Harder advocated a Swiss-style neutrality on all foreign policy, especially as it related to the Middle East. He did, however, believe that China was becoming increasingly powerful and posed an economic and military threat to the United States. Since 9/11 he had discussed U.S. foreign policy more. He took a hawkish view toward the War on Terror, supported the U.S. invasion of Afghanistan, but opposed the U.S. war in Iraq which he believed was an unnecessary distraction from winning the War on Terror. He did say that militant Islam posed a major threat to U.S. and world security.

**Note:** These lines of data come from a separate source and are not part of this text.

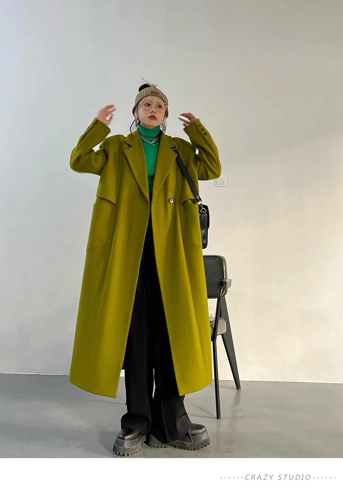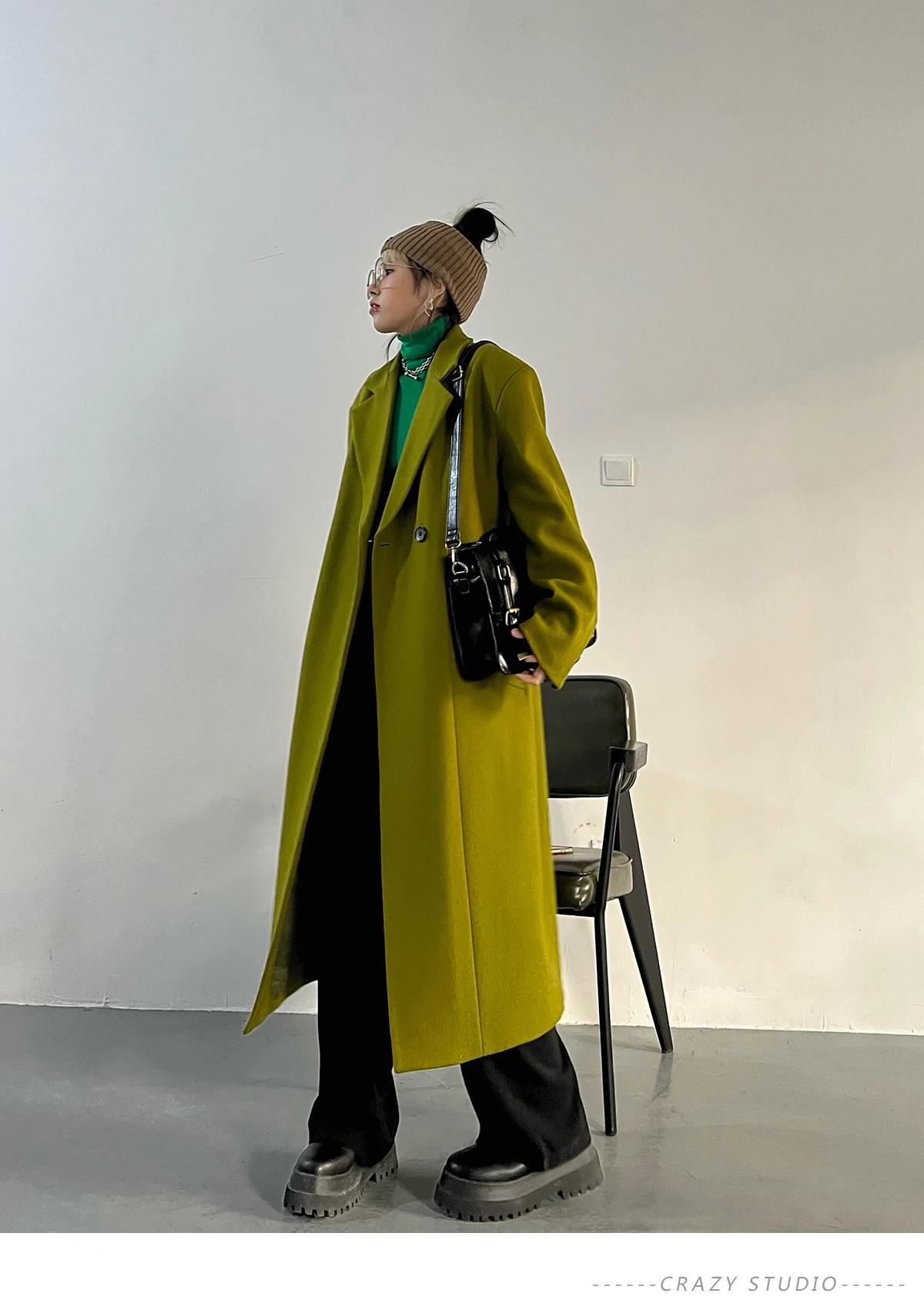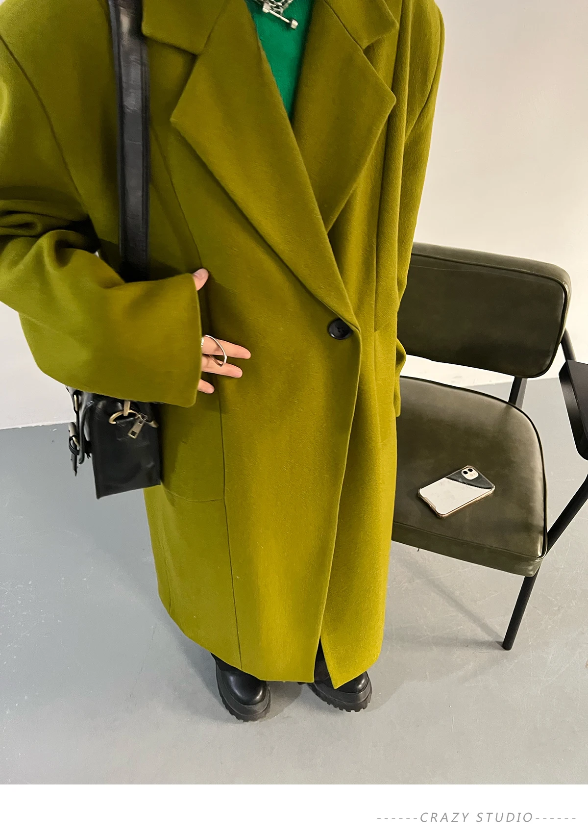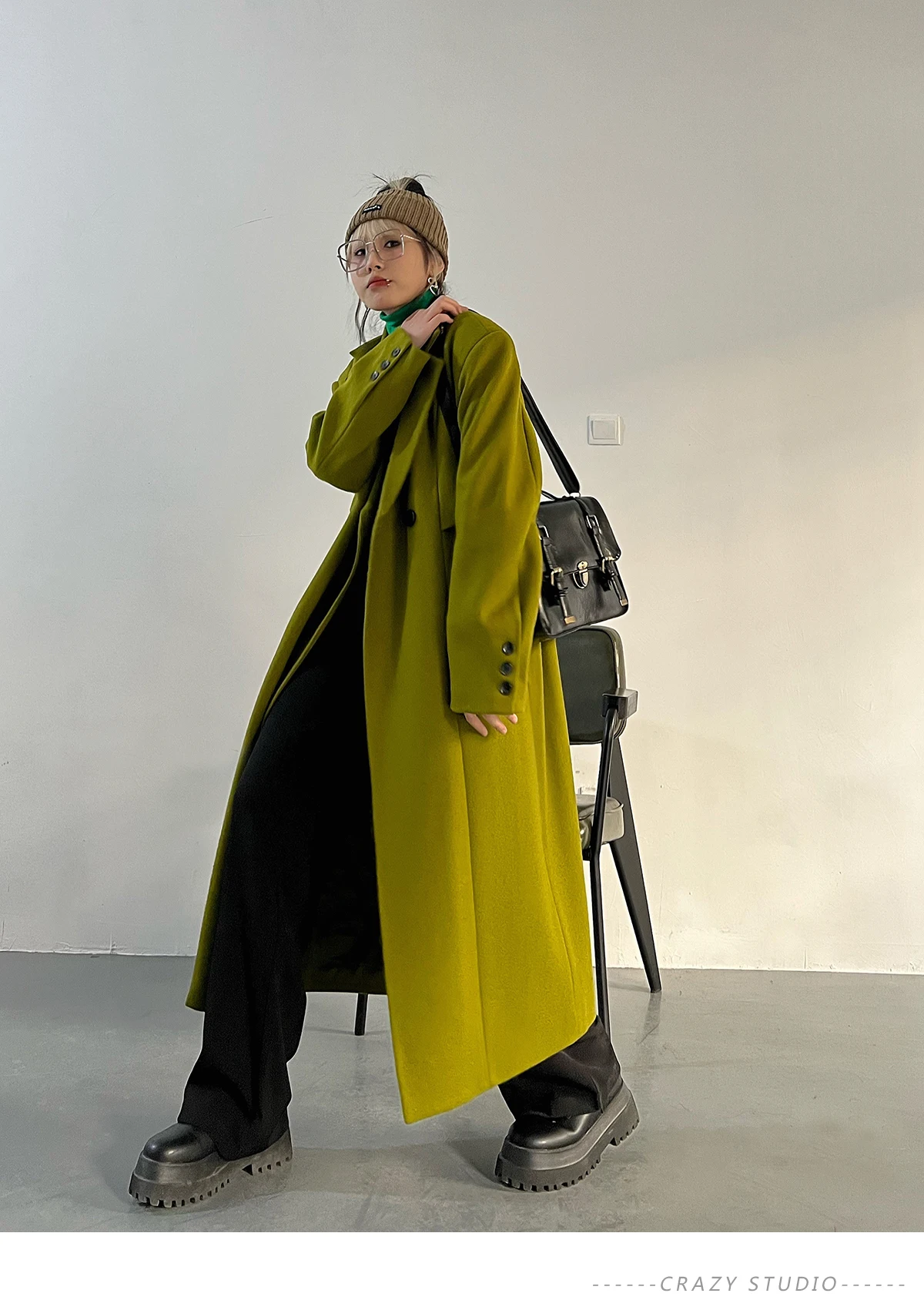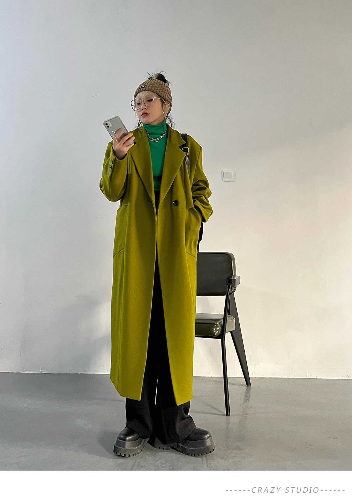 Lautaro Spring Autumn Long Green Oversized Trench Coat for Women Single Button Loose Luxury Casual Overcoat Korean Fashion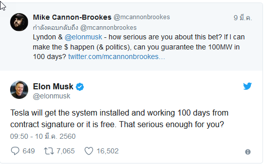 2017 ถึงวันที่ 1 ธันวาคม 2017 และถ้าหากเกินกำหนด เขาจะสร้างแบตเตอรี่นี้ให้โดยไม่คิดค่าใช้จ่าย ซึ่งมีมูลค่าอยู่ที่ 50 ล้านเหรียญ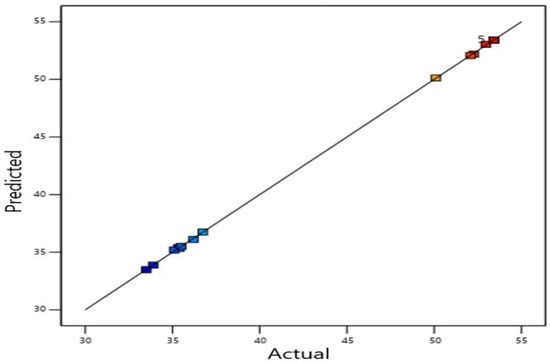 Furthermore, the F-value of the quadratic model was much higher (26,352.64) than the critical F-value at 95% confidence level for 9 degrees of freedom (3.179), which suggests that the selected model was significant. The adequacy of the quadratic model was also confirmed from the plot of the predicted response versus the actual response (Figure 2).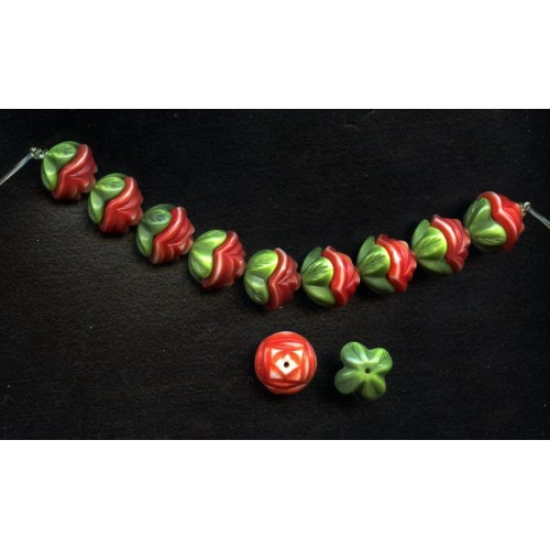 These wonderful two piece Red flower beads measure 13mm x 14mm. There are 18 beads pieces, (9 flowers and 9 caps/leaves), that make up each of 9 beads in each lot.
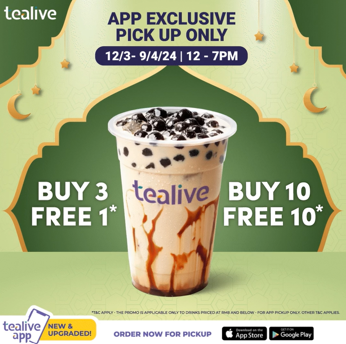 Hilangkan dahaga dan redakan panas dengan promosi Ramadan ini. Jika anda merancang untuk berbuka puasa bersama dengan rakan-rakan atau keluarga, anda boleh menjimatkan wang dengan promosi pakej istimewa mereka melalui aplikasi Tealive. Beli tiga minuman dan dapatkan satu minuman secara percuma.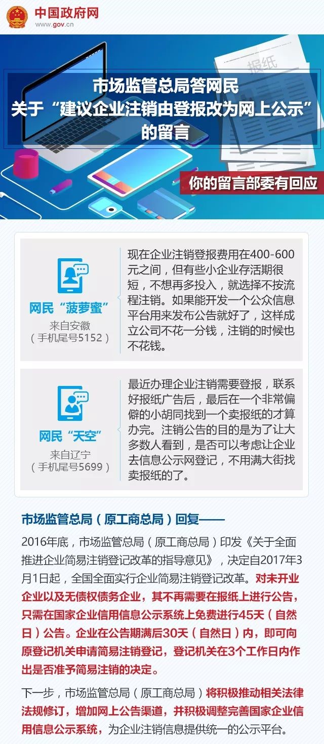 下一步,市场监管总局(原工商总局)将积极推动相关法律法规修订,增加网上公告渠道,并积极调整完善国家企业信用信息公示系统,为企业注销信息提供统一的公示平台,以方便社会公众查询,降低各类市场主体的办事成本,满足群众需要。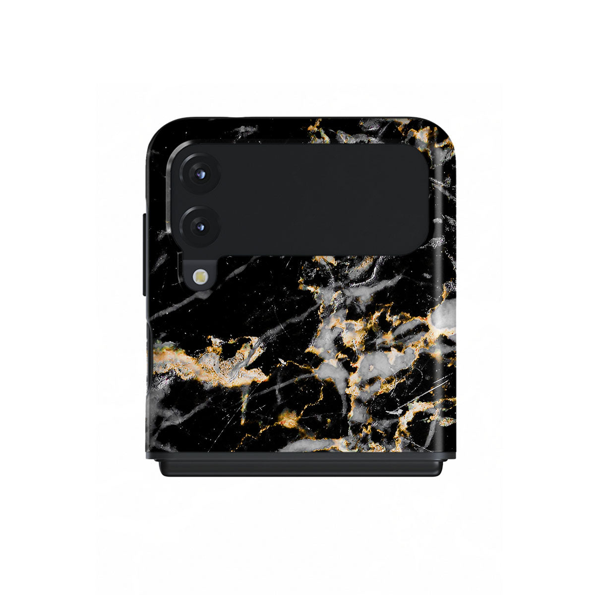 Our captivating Make A Wish Samsung Galaxy Z Flip 3 phone case showcases a timeless combination of black marble enriched with gold specks. The golden marble details radiate elegance and add luxury to every wardrobe.
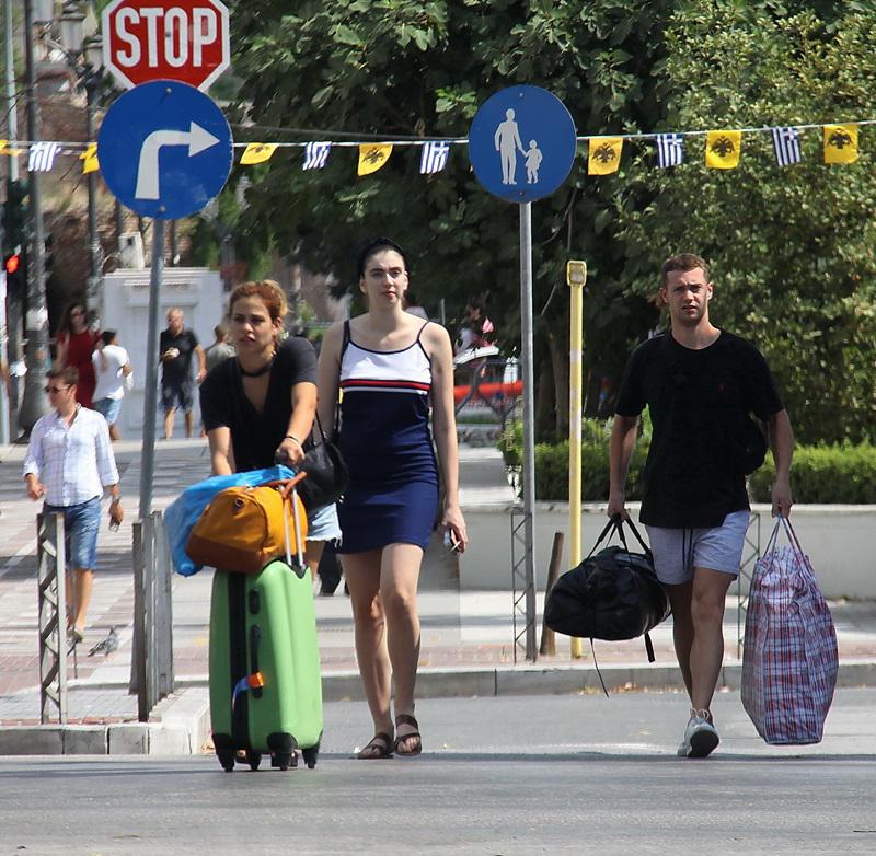 Ακόμη και η βόλτα στη Νέα Παραλία μετρά απουσίες, ενώ ο κόσμος που κυκλοφορούσε τις μέρες που μας πέρασαν έσερνε μια βαλίτσα πίσω του είτε για να φύγει είτε γιατί κατέλυε εδώ ως τουρίστας.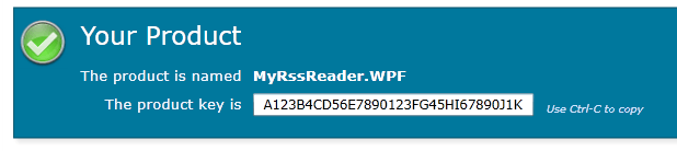 Now that we’ve registered our application you are presented with a product key that is unique to your application. (Please note that the key in the screenshot below is fictional)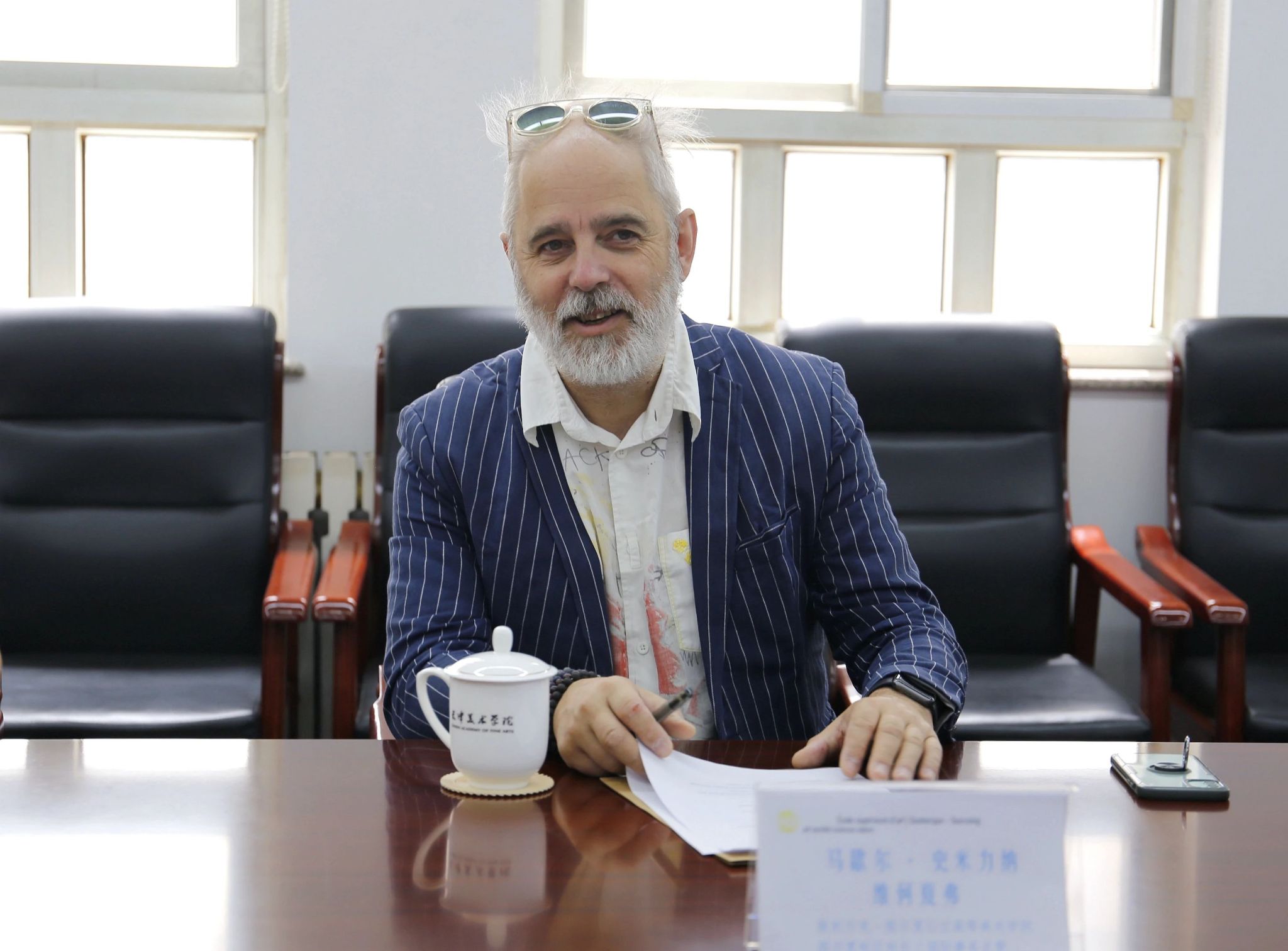 天津美术学院院长贾广健代表学校向Martial副院长表示诚挚的欢迎,随后介绍了近年来学校在事业发展、学科建设、国际教育、合作交流等方面取得的成效。贾广健院长表示,国家积极推进高等教育领域的交流与合作,这为我们的深入合作创造了平台,天津美术学院十分珍视彼此间持久互信的合作,同时对未来两校能开展更多形式、更高质量的合作充满信心。敦刻尔克-图尔宽公立高等美术学院副院长、国际事务主管Martial CHMIÉLINA讲话

Harder advocated buying only American-made products whenever possible. During the 1990s he distributed a catalog of made-in-the-USA products and a number of shortwave radio receivers as his show was being widely heard on the international broadcast bands despite being targeted exclusively towards a domestic audience. The PRN-1000 was made in the U.S. by R. L. Drake Company, and was basically a budget-version of their SW-1 shortwave receiver. Other lower-cost shortwave receivers sold by the Peoples Radio Network were made in China by Sangean. Harder acknowledged and lamented this fact, but stated that no low-cost (under US $100) receivers were being produced in the USA.
Also sold via For the People were antique pocket watches - a favorite collectible of Harder's - especially those made by the Elgin Watch Company. Harder remembered (and often cited) how the company's factory in Harder's hometown closed down and shifted production of its timepieces overseas.